Tool 1: Topic modelling in Voyant Tools
Voyant Tools as web-based platform for text analysis also includes a topic modelling option. In the interface of the Voyant suite, you can find it under Corpus Tools. This tool uses the Latent Dirichlet Allocation (LDA) algorithm, specifically the jsLDA implementation by David Mimno. The algorithm starts by temporarily assigning words in your documents to a set number of topics (you choose how many topics to create). This initial assignment isn’t meaningful yet — it’s just a starting point. The algorithm then goes through 50 iterations (or cycles) to improve the model. In each iteration, it adjusts which words belong to which topics based on how often they appear together in your documents. Over time, the topics become more coherent and meaningful. Because the process starts with a random temporary assignment, the final topics can vary slightly each time you run the analysis. This might seem inconsistent, but the topics usually maintain a logical structure. Think of it like shuffling a deck of cards: you’ll get a different order each time, but the same types of cards will still group together.
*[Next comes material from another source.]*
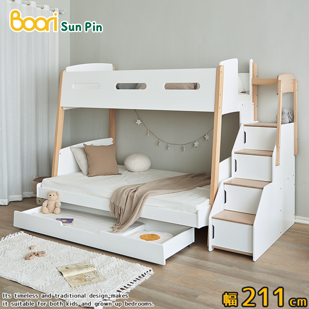 內容簡介 ◆ 澳洲 30 年兒童家具品牌◆ 南洋杉 FSC 認證木材◆ 樓梯收納櫃,上下床安心◆ 床側板加高設計,無銳角◆ 實木的床板條,特規五金◆ 實木床腳高承重,安全無虞◆ 免自行組裝,專人送貨到府◆ 此賣場不包含床底抽屜(為選配)◆ 此賣場不包含獨立筒床墊(需訂購)1993 年 Boori 第一間門市在澳洲雪梨開始營運。30 年後在全球 7 個國家有服務據點,成為全球兒童家具品牌,受到百萬家長信任。使用 FSC 認證木材,品質優良,對環境友善。透過獨特細膩的工匠技藝,讓每一件家具均是精心製作,經久耐用。 空間有限,不如善用房間的高度,騰出地方來佈置更多家具。作為母子床,能就近照顧孩子,共同生活。也可以作為兩個小孩的床鋪,讓房間不會有擁擠感,騰出的空間還能擺放才藝用品,如樂器、畫架等。 獨特的側邊梯櫃,樓梯讓小孩好上下床,並有四個收納櫃,可放繪本、玩具、布偶,讓房間井然有序。主材是南洋杉,木質堅韌,經久耐用。原產地澳洲常用於家具、建築,也常見於小木屋的板材。上下層床之間,有餘裕的高度可避免碰撞頭部,讓入睡起身更加安全。孩子睡姿多變、活潑好動,因此設計師加高上層床四周床板,讓小孩不用擔心翻身,安心入眠。床側板無銳角,圓角邊緣不刮手、好抓握。實木床板條間隙密集,床架更加穩固不易搖晃,承重 100kg。實木床腳,結構穩固不搖晃,高承重安全無虞,安心入眠。精緻特規五金,使用更加穩固的組裝設計,提升抗衝擊力與結構強度,經久使用。 賣場不包含床墊、床底抽屜,推薦選配 Boori 專屬獨立筒床墊。 注意事項:・實木家具因木節、木紋獨一無二的自然生長現象,照片與商品有所不同。※商品可能因拍攝產生色差,圖片僅供參考,商品依實際供貨樣式為準。※購買前請仔細考慮後再下單,若非商品瑕疵而無故退貨,來回配送會造成商品損耗而難以再販售,我司將蒙受損失。對商品有疑慮,請先用問與答或電洽,將有專人為您服務,確認需求後,請再購買。※本商品尺寸材積,已屬台灣貨運界總的大型家具類別,故以無法委託貨運配送,須由我司專人約定配送。依個人需求及地區不同,配送時間約 3~10 日工作天。※商品到貨 7 日內為鑑賞期(鑑賞期非試用期),若「非商品本身瑕疵」或配送過程導致瑕疵問題,需酌收退貨運費 $1,500~3,000 元。※台灣目前的貨運物流已不承接大材積家具配送。我司為北部供應商,彰化以南、花蓮台東地區已列為專車配送之區域,如欲訂購請洽我司詢問,該地區需補貼之專車費用 $1,000~4,000元。※大型商品專人專車配送,若因個人觀感或無自行確認樓梯、電梯及進出口尺寸,與地形地物限制而無法進入,導致退換貨品情形「來回運費」需由消費者自行負擔費用。※大型家具實屬難度配送,需派專車多員同時服務,請消費者體諒。購物前請審慎考量,勿隨意下單、退貨。※商品如經拆封、使用、或拆解以致缺乏完整性及失去再販售價值時,恕無法退(換)貨!請保持商品、附件、包裝、說明書等完好。※商品若需組裝服務,可洽詢客服報價。※無回收家具服務,若需回收可聯絡當地清潔隊處理,免付費清運專線 0800-085-717※送達地點有否限制:限台灣本島地區,外島恕不接單。※運送限制說明:以下地區因屬偏遠地區運送成本高,消費者需自行分擔運費,待運費報價同意後開始接單,敬請見諒! 1. 新竹:尖石鄉、五峰鄉 2. 苗栗:泰安鄉 3. 台中:梨山、谷關、環山、和平鄉 4. 南投:鹿谷鄉、仁愛鄉 5. 雲林:古坑鄉 6. 嘉義:阿里山鄉、梅山鄉、嘉義農場 7. 高雄:內門鄉、杉林鄉、甲仙鄉、六龜鄉、甲仙鄉(小林村)、六龜鄉(寶來村) 8. 屏東:霧台鄉、春日鄉、泰武鄉、三地門鄉 9. 宜蘭:大同鄉、南澳鄉 10. 花蓮:秀林鄉、池上鄉、海端鄉 11. 台東:長濱鄉、東河鄉(北源村)、台東地區(牧場&監獄)。 免自行組裝,專人送貨到府產品尺寸:W260*D143.5*H185.6 cm外箱尺寸:W149*D70*H13 cm 等共計3件淨重:115 kg毛重:121 kg承重:單層床板 100kg材質:南洋杉、橡膠木、多層板顏色:薏米白

In the topic output you see, only the top n (e.g. 10) words per topic are shown. The more words you include, the more overlaps you will see between the topics you created as each topic actually includes all word in your topic in the end. However, the words are ranked by how strongly they relate to the topic, with the first few words being the most defining for that topic.
To better understand what is happening behind the tool, you can use the Spyral Topic Modelling Notebook by Geoffrey Rockwell that walks you through the actual code. You don’t need to write any code from scratch but can read the explanations and follow the notebook’s steps. Like the user interface in Voyant, the topics notebook starts by loading a text corpus (e.g., the default "Frankenstein" text). The notebook then runs a probabilistic model (LDA) to identify topics and displays the results in a panel. You can adjust the number of topics and words per topic to fit your needs. This notebook is shared under a Creative Commons Attribution (CC BY) license and you may adapt it for your own projects.
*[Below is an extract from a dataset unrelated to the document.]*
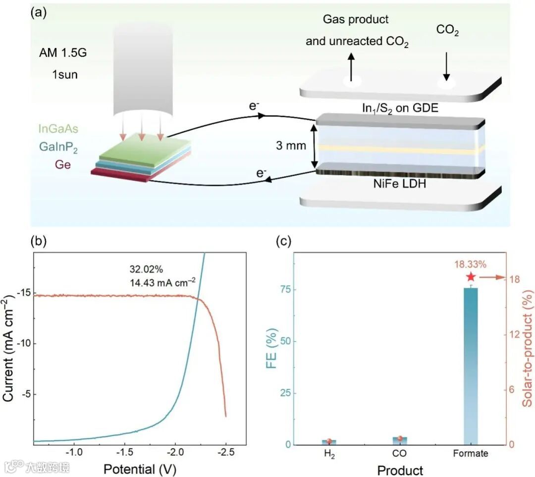 可再生能源驱动的电化学CO2还原被认为是实现该技术大规模应用的重要途径。我们评估了由太阳能驱动产甲酸的潜力。我们通过将基于气体扩散电极的CO2还原反应器与由InGaAs/GaInP2/Ge太阳能电池集成来实现这一目标(图5a)。为了最小化反应器的电阻并提高能量转换效率,反应器中阳极与阴极之间的距离设计为3 mm。阳极使用了非贵金属Ni3.2Fe(OH)9.4(NiFeOx LDH)催化剂,其产氧性能源优于贵金属Pt。在阴极处使用了In1/S2作为CO2还原电极。太阳能电池的面积为1 cm2,最大太阳能到电能的转换效率为32.29%,太阳辐射使用氙灯进行模拟。在1个太阳光照下,反应器与光伏特性交点的电流和电压分别为14.43 mA和2.22 V(图5b)。此时,光到电能的转换效率为32.02%。经过耦合测试,甲酸选择性达到75.83%,太阳能到甲酸的能量转换效率为18.33%(图5c)。此外,整体太阳能到碳氢燃料的能量转换效率达到19.49%。这些结果展示了该装置在高效利用太阳能方面的优势。

Tool 2: DARIAH-DE Topic Explorer
The DARIAH-DE Topic Explorer is another beginner-friendly tool for topic modelling and specially designed for humanities research. It also uses LDA to generate topics from your text collection. Similar to the Voyant topic modelling, the Topic Explorer allows you to upload plain text files (one per document), set stopwords and parameters, and run the model repeatedly. No coding skills are required. It is recommended to start with a small number of topics (5 to 10) and increase gradually. It is rare that you will already get the best result in the first attempt.
One unique feature of the DARIAH Topics Explorer going beyond the Voyant functionalities is that you can also display topic-document proportions as a heat map (see image below). This heat map provides a clear, color-coded overview of how strongly each topic is represented across all documents in your corpus. It helps you quickly identify which documents are most relevant to specific themes.